PRNG produces indeterministic results

Hello,

Trying to run a simulation on a GTX 480 I encountered varying results upon completion. As I couldn’t find the cause for this, I broke the problem down to the most simple kernel that exhibits this strange behaviour:

#define N 1024*1024

__global__ void indeterministic(unsigned long* sums, unsigned int* seeds) {

	int idx = blockIdx.x*blockDim.x+threadIdx.x;

	unsigned int ran = seeds[idx];

	ran ^= ran << 17;

	ran ^= ran >> 14;

	seeds[idx] = ran;

	sums[idx] += ran;

}

int main(int argc, char** argv) {

	unsigned long* sums;

	unsigned int* seeds;

	cudaMalloc(&sums, N*sizeof(unsigned long));

	cudaMalloc(&seeds, N*sizeof(unsigned int));

	unsigned int* h_seeds = (unsigned int*) malloc(N*sizeof(unsigned int));

	for(int i = 0; i < N; i++)

		h_seeds[i] = i+1;

	for(int j = 0; j < 2; j++) {

		cudaMemset(sums, 0, N*sizeof(unsigned long));

		cudaMemcpy(seeds, h_seeds, N*sizeof(unsigned int), cudaMemcpyHostToDevice);

		for(int i = 0; i < 100000; i++) {

			indeterministic<<<N/256, 256>>>(sums, seeds);

		}

		unsigned long* h_sums = (unsigned long*) malloc(N*sizeof(unsigned long));

		cudaMemcpy(h_sums, sums, N*sizeof(unsigned long), cudaMemcpyDeviceToHost);

		unsigned long sum = 0;

		for(int i = 0; i < N; i++)

			sum += h_sums[i];

		printf("%lu\n", sum);

		free(h_sums);

	}

	cudaFree(sums);

	cudaFree(seeds);

	free(h_seeds);

	return(0);

}

Sometimes when running this code runaway values will appear in the printed results.

I’d appreciate any help.

What output do you get?
I ran 20 times, got 13964483715582132224 printed (twice) each time.

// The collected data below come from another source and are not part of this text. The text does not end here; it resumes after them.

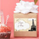 Torre Eiffel en negro con nubes esponjosas blancas, pájaros y remolinos. Cambia fácilmente los nombres en este diseño. Los pegatinas harán grandes favores / decoraciones para un París francés o un fiesta con la temática de la torre effel.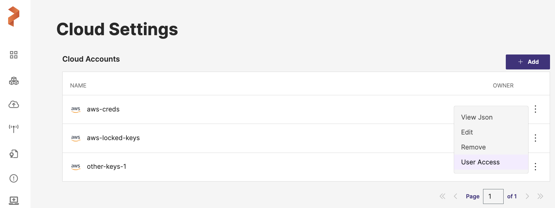 Select the Vertical ellipsis at the end of cloud account row and choose User Access.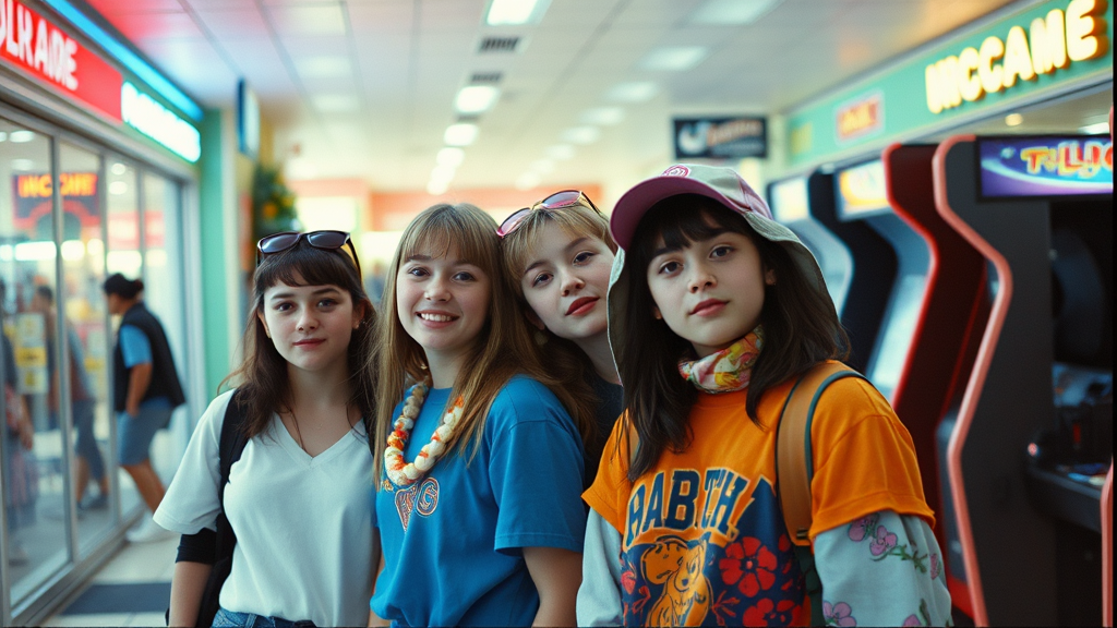 Whimsical snapshots of 90’s mall teens sporting nostalgic attire, captured with the nostalgic grain of vintage VHS footage, set against the backdrop of colorful storefronts and buzzing arcade vibes.
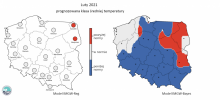 W odniesieniu do wyników modelu TWS (prognoza z 25.01.2021 r.), dla pierwszych 10 dni lutego (1-10.02.2021) na południu Polski przewiduje się występowanie minimalnej temperatury powietrza skrajnie od -15°C do -5°C w szczytowych partiach górskich (Kasprowy Wierch, Śnieżka), na południowym wschodzie (Komańcza od -12°C do 1°C) oraz na wschodzie i północnym-wschodzie kraju przez przeważnie od -10°C do 2°C na Podkarpaciu po wartości od -13°C do 0°C na Suwalszczyźnie. Podobnie w Polsce Centralnej minimalna temperatura powietrza może występować przeważnie od -10°C do 2°C. Na zachodzie kraju minimalna temperatura powietrza może się wahać na ogół od -7°C do 3°C (od Wielunia po Szczecin), natomiast w części północnej możemy się spodziewać występowania minimalnej temperatury powietrza w przedziale od -6°C do 4°C. Z kolei maksymalna temperatura powietrza na przeważającej powierzchni kraju może się wahać przeważnie od -2°C nawet do 10°C. Niższą maksymalną temperaturę powietrza powinniśmy odnotować w górach (Kasprowy Wierch od -8°C do 0°C i Śnieżka od -7°C do 2°C) oraz w północno-wschodniej części kraju (Suwałki od -6°C do 6°C).

Some small bugs (but none explain your problem).

  1. The xorshift PRNG you’re using requires its state to be non-zero. So the values thread 0 produces are in fact all zero.
  2. You’re missing a “cudaFree(seeds);” at the end
  3. your #define N is dangerous since if it were changed to be a non-multiple of 256, you’d be computing a different sum than you asked for because of the integer block size divide
  4. “unsigned” as an unqualified type is depreciated C. Still valid, but prone to misunderstanding!

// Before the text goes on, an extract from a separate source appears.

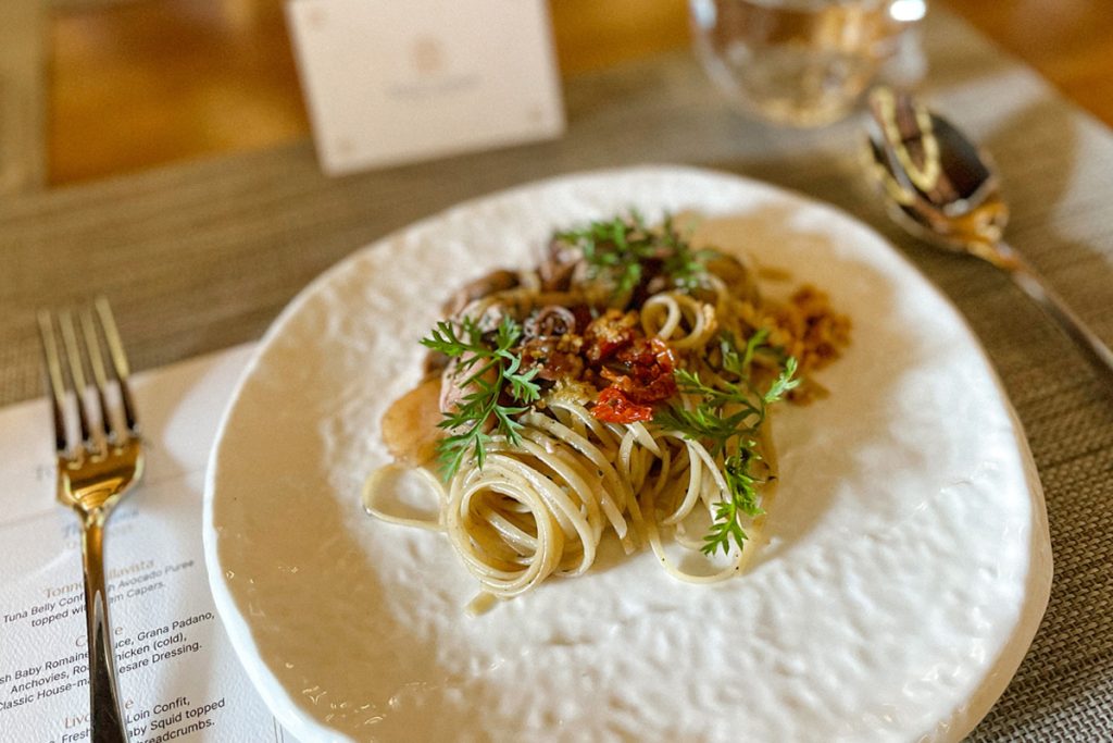 Sekarang, Toscana tak hanya menawarkan menu seperti pasta dan piza, namun juga sederet hidangan utama Italia lainnya. Beberapa makanan yang wajib dicoba di antaranya Livornese, pasta mirip aglio olio dengan irisan tuna loin confit, kerang Hokkaido, baby squid dan remah roti artisanal. Kemudian ada steik dry aged dengan daging sapi grain-fed black angus MB4+ dari Australia lalu dihidangkan dengan olahan kacang cannellini, dan saus peppercorn hijau yang menggoyang lidah. Jangan lupakan juga Tiramisu sebagai hidangan penutup.

On my GTX480 this takes about 30 seconds to run.

I don’t actually see any bug from scanning the code, but a caveat: it’s 2:30 in the morning for me.

Thanks for the reply. Those bugs probably just slipped in there when I threw this code together to demonstrate the problem. I changed everything anyway and excecuted again.

Result:

13964620536084108458

13964570768871854712

Sometimes I get right results as well. Increasing the length of the run results in more and bigger discrepancies. Amounts this to a technical problem?

maybe there is bad memory on your board? Try running cuda-memtest and see if it passes.

OK, tried that. But it passes all standard tests(0-8,10). I might run test 9(Bit fade) and a longer stress test over the weekend.

[Edit:]

It seems the stress test has confirmed that bad memory is the culprit. Now we’ll have to get the GPU replaced.